Cameron needs to give Lansley the push

David Cameron is playing an interesting game at the moment. After promising to “cut the deficit, not the NHS” he went and did both anyway. In fact he went further still: NHS reforms include abolishing Primary Care Trusts and handing 60% of the NHS budget to new GP-led consortia.

Under Cameron’s watch, health secretary Andrew Lansley has done nothing else but implement the very measures the Tories have always wanted to do to the NHS, but never before being so stupid as to.

In return for Lansley’s loyalty to the cause, Cameron has given the minister a cold shoulder.

Nicholas Watt put it this way:

In public the prime minister expresses support for the hapless minister. In private few are left in doubt that the minister has been placed on the naughty step or, in the case of Andrew Lansley, on the you-have-had-the-political-stuffing-knocked-out-of-you step.

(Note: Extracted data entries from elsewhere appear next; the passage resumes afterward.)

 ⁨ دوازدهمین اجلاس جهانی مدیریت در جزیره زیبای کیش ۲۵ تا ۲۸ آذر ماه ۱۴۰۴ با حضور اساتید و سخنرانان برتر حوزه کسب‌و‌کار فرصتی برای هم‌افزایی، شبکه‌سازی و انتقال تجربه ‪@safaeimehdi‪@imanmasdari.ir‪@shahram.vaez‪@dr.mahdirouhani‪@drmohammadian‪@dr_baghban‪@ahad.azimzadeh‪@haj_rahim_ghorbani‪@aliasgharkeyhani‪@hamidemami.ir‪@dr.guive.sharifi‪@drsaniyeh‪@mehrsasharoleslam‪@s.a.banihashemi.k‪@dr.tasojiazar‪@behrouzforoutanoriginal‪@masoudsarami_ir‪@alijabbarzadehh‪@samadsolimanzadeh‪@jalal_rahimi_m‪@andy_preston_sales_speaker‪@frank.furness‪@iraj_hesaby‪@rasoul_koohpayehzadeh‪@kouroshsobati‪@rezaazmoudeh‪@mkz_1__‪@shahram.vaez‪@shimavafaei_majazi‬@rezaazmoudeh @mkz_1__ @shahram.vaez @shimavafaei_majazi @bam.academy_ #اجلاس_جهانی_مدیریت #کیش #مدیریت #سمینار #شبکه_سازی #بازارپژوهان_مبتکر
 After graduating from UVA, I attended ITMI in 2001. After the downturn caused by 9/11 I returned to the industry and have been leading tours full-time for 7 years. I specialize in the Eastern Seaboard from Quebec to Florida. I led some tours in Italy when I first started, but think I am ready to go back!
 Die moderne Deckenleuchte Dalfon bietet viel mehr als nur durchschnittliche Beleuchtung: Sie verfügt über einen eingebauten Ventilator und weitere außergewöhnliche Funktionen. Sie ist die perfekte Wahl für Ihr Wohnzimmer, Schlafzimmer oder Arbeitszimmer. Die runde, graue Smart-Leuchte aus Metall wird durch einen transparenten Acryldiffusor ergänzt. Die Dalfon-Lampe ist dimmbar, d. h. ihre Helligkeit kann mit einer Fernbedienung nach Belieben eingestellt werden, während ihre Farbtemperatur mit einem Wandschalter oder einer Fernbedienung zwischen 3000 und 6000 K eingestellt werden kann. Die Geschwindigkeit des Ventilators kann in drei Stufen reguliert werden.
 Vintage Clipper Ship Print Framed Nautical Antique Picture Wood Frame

The BMA stopped short recently of delivering Lansley a vote of no confidence, concentrating on his poor reforms only, but that’s not the message put out today by nurses who will debate a motion of “no confidence” – informed in part by Lansley’s refusal to address the Royal College of Nursing conference in Liverpool, instead limiting himself to a 45-minute Q&A with 50 select nurses.

If that wasn’t bad enough for the minister, his spats with Lord Owen – who has called on Cameron to “replace existing health ministers” – and Norman Lamb have caused a public embarrassment.

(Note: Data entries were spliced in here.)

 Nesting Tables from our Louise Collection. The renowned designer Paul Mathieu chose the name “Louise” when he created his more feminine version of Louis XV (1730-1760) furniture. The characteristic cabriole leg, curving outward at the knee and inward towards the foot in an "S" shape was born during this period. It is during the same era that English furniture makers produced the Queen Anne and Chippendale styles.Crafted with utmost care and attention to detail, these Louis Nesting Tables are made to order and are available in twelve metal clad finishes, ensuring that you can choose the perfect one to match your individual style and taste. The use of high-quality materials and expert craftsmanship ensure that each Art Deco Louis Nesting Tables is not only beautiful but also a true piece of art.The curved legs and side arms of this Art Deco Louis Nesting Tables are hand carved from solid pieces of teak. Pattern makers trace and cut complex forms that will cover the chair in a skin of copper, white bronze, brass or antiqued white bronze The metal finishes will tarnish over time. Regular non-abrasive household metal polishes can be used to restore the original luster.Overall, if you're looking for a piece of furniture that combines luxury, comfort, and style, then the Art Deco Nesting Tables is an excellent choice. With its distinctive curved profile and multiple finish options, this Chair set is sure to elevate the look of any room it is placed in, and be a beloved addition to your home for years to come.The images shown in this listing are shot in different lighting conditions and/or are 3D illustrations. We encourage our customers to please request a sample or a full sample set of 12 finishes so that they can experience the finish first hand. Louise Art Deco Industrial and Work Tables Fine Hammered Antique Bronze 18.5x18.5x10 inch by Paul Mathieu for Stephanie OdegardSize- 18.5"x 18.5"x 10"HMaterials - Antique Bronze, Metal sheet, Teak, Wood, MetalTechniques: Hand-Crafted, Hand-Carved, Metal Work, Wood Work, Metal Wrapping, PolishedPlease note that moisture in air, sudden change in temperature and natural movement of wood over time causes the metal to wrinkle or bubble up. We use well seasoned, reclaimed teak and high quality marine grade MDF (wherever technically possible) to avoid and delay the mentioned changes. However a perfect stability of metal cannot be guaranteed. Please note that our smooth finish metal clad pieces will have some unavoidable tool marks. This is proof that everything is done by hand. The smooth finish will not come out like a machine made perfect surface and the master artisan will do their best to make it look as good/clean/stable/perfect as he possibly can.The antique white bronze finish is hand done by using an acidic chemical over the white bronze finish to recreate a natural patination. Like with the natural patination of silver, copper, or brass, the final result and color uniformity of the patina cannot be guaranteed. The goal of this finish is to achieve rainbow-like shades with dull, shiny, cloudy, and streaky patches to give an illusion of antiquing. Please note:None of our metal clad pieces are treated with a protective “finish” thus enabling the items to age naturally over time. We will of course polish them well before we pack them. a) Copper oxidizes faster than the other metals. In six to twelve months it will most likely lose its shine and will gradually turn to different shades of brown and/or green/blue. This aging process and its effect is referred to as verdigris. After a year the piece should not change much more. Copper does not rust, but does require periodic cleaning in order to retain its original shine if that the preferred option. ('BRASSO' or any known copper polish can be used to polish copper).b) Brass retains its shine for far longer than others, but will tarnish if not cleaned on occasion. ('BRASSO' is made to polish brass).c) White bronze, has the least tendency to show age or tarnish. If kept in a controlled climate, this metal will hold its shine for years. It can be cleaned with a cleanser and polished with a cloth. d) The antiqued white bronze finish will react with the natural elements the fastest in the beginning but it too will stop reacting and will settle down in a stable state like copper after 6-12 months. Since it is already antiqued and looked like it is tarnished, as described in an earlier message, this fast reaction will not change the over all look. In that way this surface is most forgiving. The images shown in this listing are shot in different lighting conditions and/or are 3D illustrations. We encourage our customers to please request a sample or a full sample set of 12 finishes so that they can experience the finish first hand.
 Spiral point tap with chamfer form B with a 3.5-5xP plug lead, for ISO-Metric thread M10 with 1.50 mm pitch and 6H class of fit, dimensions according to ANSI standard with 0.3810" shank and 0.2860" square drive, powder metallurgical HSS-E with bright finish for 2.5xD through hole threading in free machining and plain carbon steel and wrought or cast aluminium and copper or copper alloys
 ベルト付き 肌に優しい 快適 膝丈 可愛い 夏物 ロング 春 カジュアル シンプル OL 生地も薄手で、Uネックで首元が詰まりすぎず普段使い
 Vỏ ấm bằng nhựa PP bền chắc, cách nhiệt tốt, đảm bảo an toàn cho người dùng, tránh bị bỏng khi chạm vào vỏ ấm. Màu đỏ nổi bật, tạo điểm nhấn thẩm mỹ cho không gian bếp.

The influential Lamb, who has threatened to resign unless the government acts favourably upon a series of demands on the NHS reforms, joins a number of rebel Lib Dem figures who have proposed changes to Lansley’s plans.

Cameron has responded by saying he regrets “charging ahead” on reform without support – a change of heart which will not bode well for the health minister, who will be first in the firing line if Cameron wants to save face.

Clearly Lansley should be sacked on merit of his terrible reforms, which threaten the very heart and soul of the NHS, and aims only to swamp the service with pro-privatisation measures.

But we should remember the minister is merely the architect of the plans. The Tories under Cameron are only delivering the destructive ethos they know and love.

In a thinly veiled attempt to rock the boat a bit, Rawnsley asked on Sunday:

Andrew Lansley is clearly in trouble … Does Mr Cameron need to find himself a new health secretary?

BMA votes to call upon Lansley’s health bill withdrawal

March 15, 2011 1 comment

This morning I read in the FT:

Andrew Lansley, health secretary, has opened the door to further concessions on the NHS bill, as the Liberal Democrat party overwhelmingly rejected his sweeping reform plans

This pertains to the decision by a majority of Liberal Democrats over the weekend, at their Sheffield conference, to vote for an “extensive and radical re-write of the government’s NHS bill”.

After this, the health secretary suggested he could “amend” his reforms.

Already a bad day for the UK health minister.

Then at around 11.45am, 15 March, the British Medical Association (BMA) “voted to call upon Andrew Lansley to withdraw the bill” adding that “any willing provider will hurt the provision of healthcare in the NHS in favour of private industry“.

Paul, in the comments thread of my last entry said: “Any resistance [re the health bill] will have to be from outside”. This is to suggest that the LibDem rebels will only manage to frame the ground with which they intend to rub up the coalition, which is not likely to bring it down. However, as acknowledged, this doesn’t preclude damage being made by the BMA.

Richard Blogger, who I owe a word of thanks to for pointing out the errors in my previous entry, also said in the comments thread:

The BMA SRM [Special Representative Meeting] is very interesting. This meeting will let off a lot of steam, but more important is what the BMA council will decide to do afterwards. If there is a decision not to take part in AWP [Any Willing Provider] then Lansley will be stuffed.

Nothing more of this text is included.